Roy Moller is a Scottish singer, songwriter and poet. He was born in Edinburgh in 1963; his parents were from Toronto in Canada, and he was adopted soon after birth. His early musical influences included Elvis Presley, Joy Division, The Fall, Ivor Cutler and David Bowie. He attended Trinity Academy, then moved to Glasgow where he studied English at the University of Strathclyde. While there, he won the Keith Wright Poetry Competition.

Moller played in bands including Meth O.D. and The Wow Kafe. His first solo work was 2003's "Maximum Smile". He has collaborated with Stevie Jackson from Belle and Sebastian in a band called the Store Keys. He played with Davy Henderson in the band Jesus, Baby! When Marc Riley interviewed him on BBC Radio in 2011, he called Moller "Scotland's best-kept secret".

In 2008, Moller had a son with wife Emma, named Peter. In 2013, Moller moved to Dunbar. In 2014 he took My Week Beats Your Year, his musical tribute to Lou Reed, to the Edinburgh Festival Fringe; Gus Ironside called it "witty, mesmerising and highly poignant". In the same year his poetry debut Imports was published by Appletree Writers Press, and his album One Domino was called "intoxicating and compulsively habit-forming".

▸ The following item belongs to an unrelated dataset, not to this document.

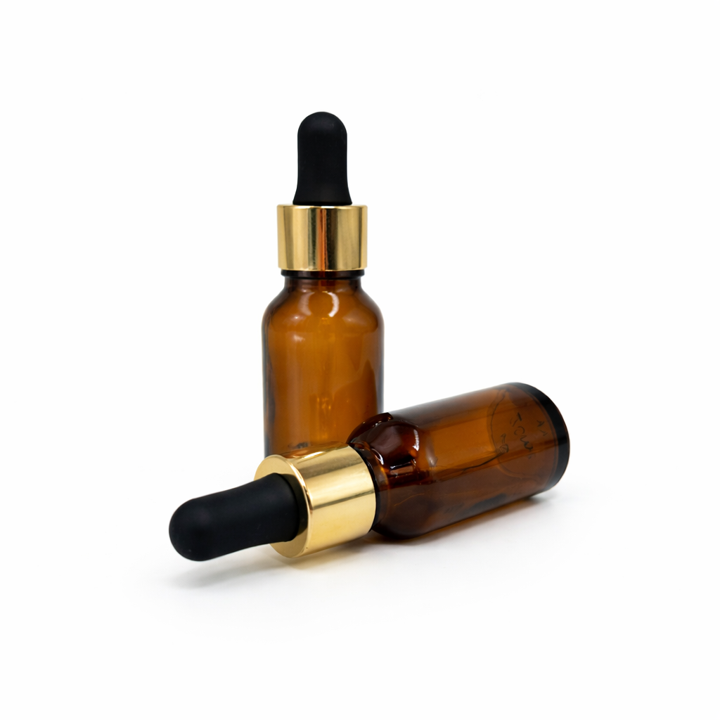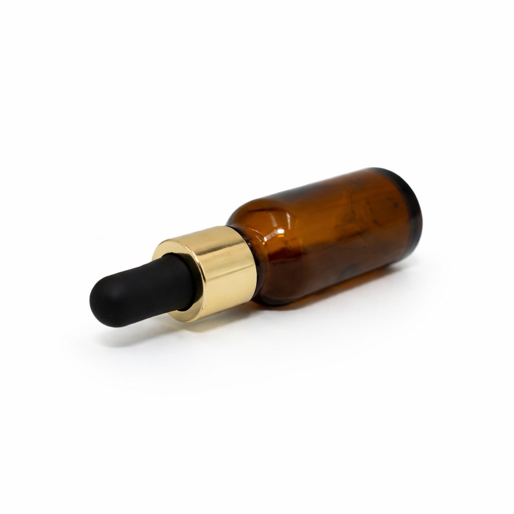 20ml Amber Dropper Bottle – Gold Cap & Black Teet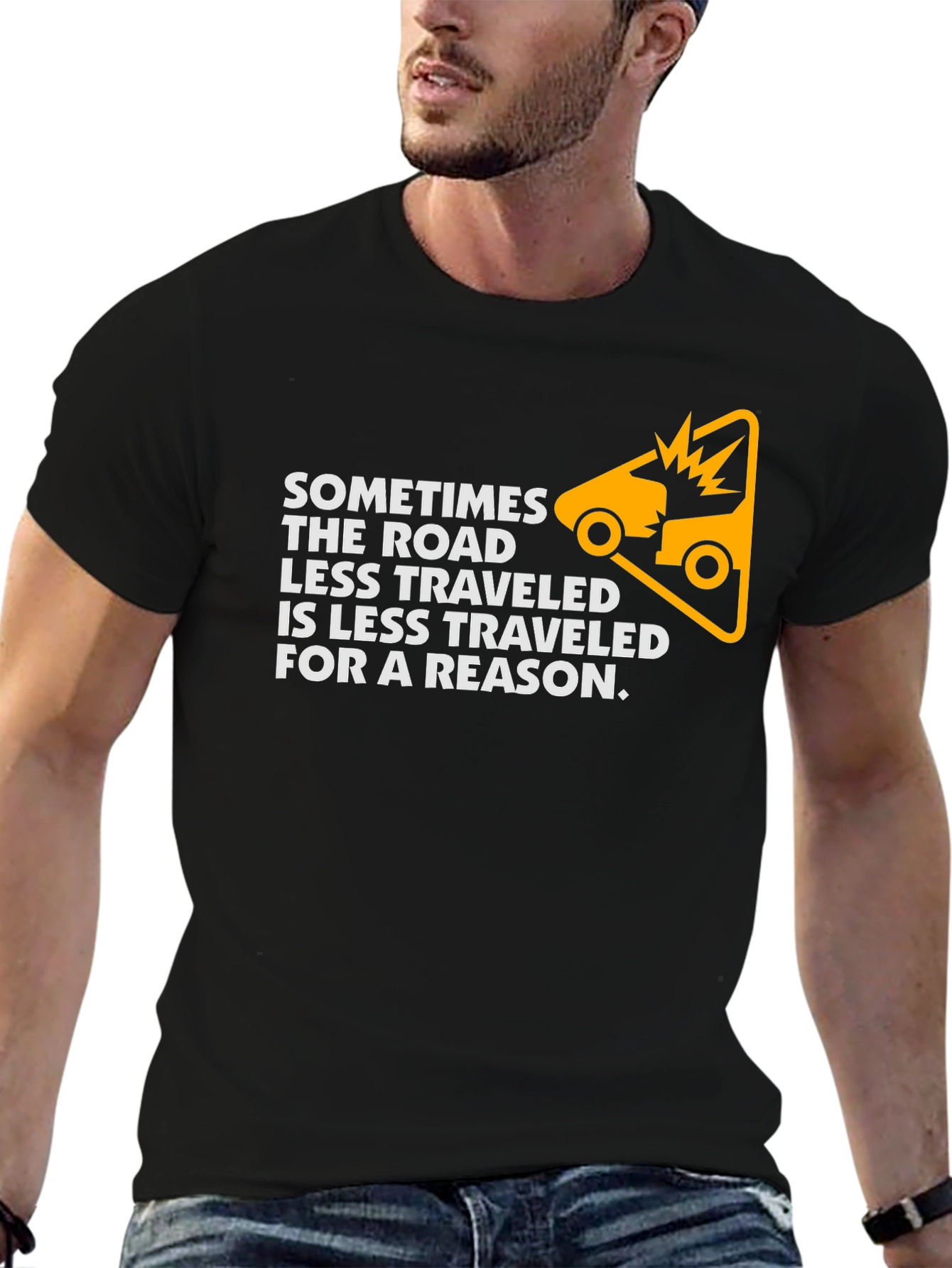 This black t-shirt features a funny design that's sure to get a laugh. The shirt reads, "Sometimes The Road Less Traveled Is Less Traveled For A Reason." Next to the words is a graphic depicting two cars in a collision. This tee is ideal for car enthusiasts, mechanics, drivers, or anyone who appreciates a good pun. The material looks to be a soft and breathable cotton blend, perfect for casual wear. A great gift idea for that friend or family member who loves cars!

Moller has been involved in the Dunbar CoastWord Festival, and with Neu!Reekie! He contributed a poem to The Sea, a 2015 anthology to raise funds for the Royal National Lifeboat Institution. Louder Than War called There's A Thousand Untold Stories (2016) "a tour de force of sparkling lo-fi gems". In 2017 he performed Redemptions, an evening of poetry and song, with Paul Hullah and Martin Metcalfe, at the Scottish Poetry Library.
In 2019, Dionysia Press published Moller's poetry collection about his birth and adoption, "Be My Baby" Later that year, he returned to music, by releasing a single, Semicolon with the Chain Pier Group.

Moller's musical work has been compared to Julian Cope, Vic Godard, and Iggy Pop. He is dyspraxic, and believes his experience of dyspraxia has influenced his work.

He is a supporter of Tottenham Hotspur F.C.

==Discography==
- Speak When I'm Spoken To (2006)
- Playing Songs No One's Listening To (2011)
- The Singing's Getting Better (with Sporting Hero, 2012)
- One Domino (2014)
- My Week Beats Your Year (2014)
- There's A Thousand Untold Stories (2016)
- There's A Thousand More Untold Stories (2016)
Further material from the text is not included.